Jem is thrown into further turbulence by her intense connection with youth pastor Owen (Lewis Pullman). As their bond deepens and soon turns transgressive, Jem struggles with conflicting loyalties to the church, her community, and her autonomy. Writer/director Parmet, whose empathetic lens previously distinguished shorts “Spring” and “Kira Burning,” steers her feature debut through a compassionate yet unflinching interrogation of power dynamics in religion and sexuality, the kind that can engender both desire and shame, repression and release.
“The Starling Girl” premiered at Sundance earlier this year, with Bleecker Street then acquiring the film for stateside release on May 12th. Out of the festival, RogerEbert.com sat down with Parmet, Scanlen, and Pullman to discuss filming some of its most challenging scenes, not losing sight of their main character, and dancing as a form of sacred self-expression.
This interview has been edited and condensed.
Let’s start by discussing the film’s origins. Laurel, I know you had spent time with women from a religious fundamentalist community while working on another project.

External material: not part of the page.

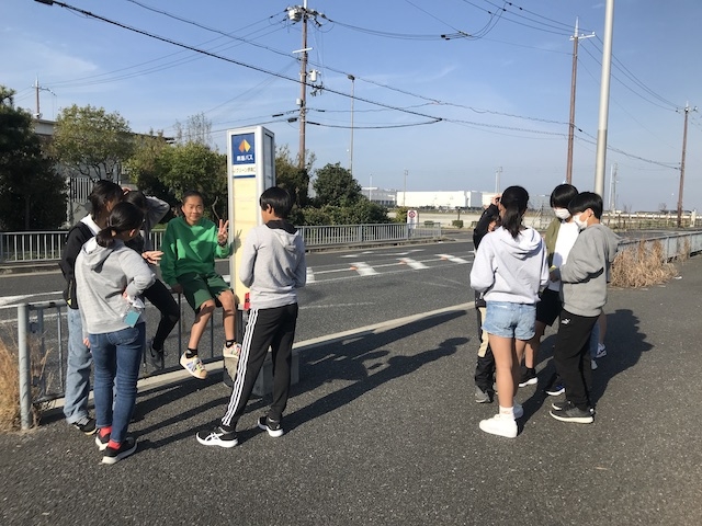 朝ご飯の後は、登校シミュレーションです。南海バスに乗って、月州中学校まで向かいます。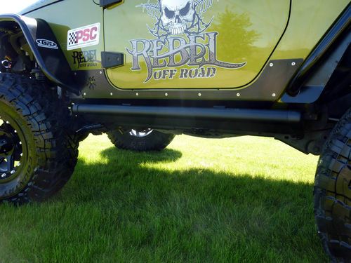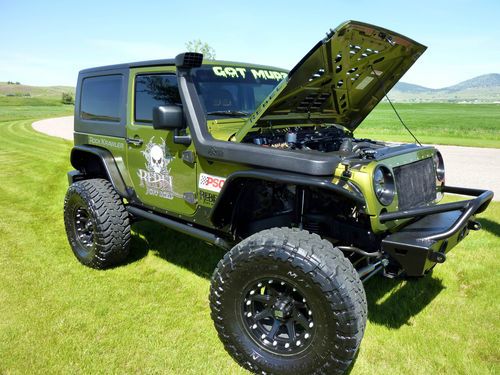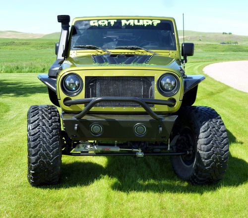 We can clearly make out the Wrangler-shaped passenger compartment up top, but as for the other bits and pieces that make up this rather amazing machine, your guess is as good as ours. At the very least, it seems to us that the car's wheelbase has been given a significant stretch, and the grille may have come from an International LoneStar Harley-Davidson Special Edition semi truck.

Laurel Parmet: That was eye-opening for me. My first instinct when I put them was to think, “Wow, this is really backwards.” Their church believed that patriarchy was ordained by God, that women were created to submit to men, and that it was the woman’s responsibility not to lead a man into temptation. These women basically learned to be ashamed of their desires, that their bodies are not their own, that their bodies belonged to God.
At first, I felt like it was pretty backward. But, the more I thought about it, I saw similarities to how I grew up, in our culture. When I was a teenager, I had a relationship with an older guy and had guilt about it, because I had a lot of agency. I pursued him. I didn’t feel like a victim. I felt like I was mature enough in what was happening. My time with those women was meaningful because it made me reflect back on my own relationship. It made me think about it in ways that I hadn’t before, and it made me recognize that guilt and think about it. It made me realize how universal the female experience is, no matter how you grow up.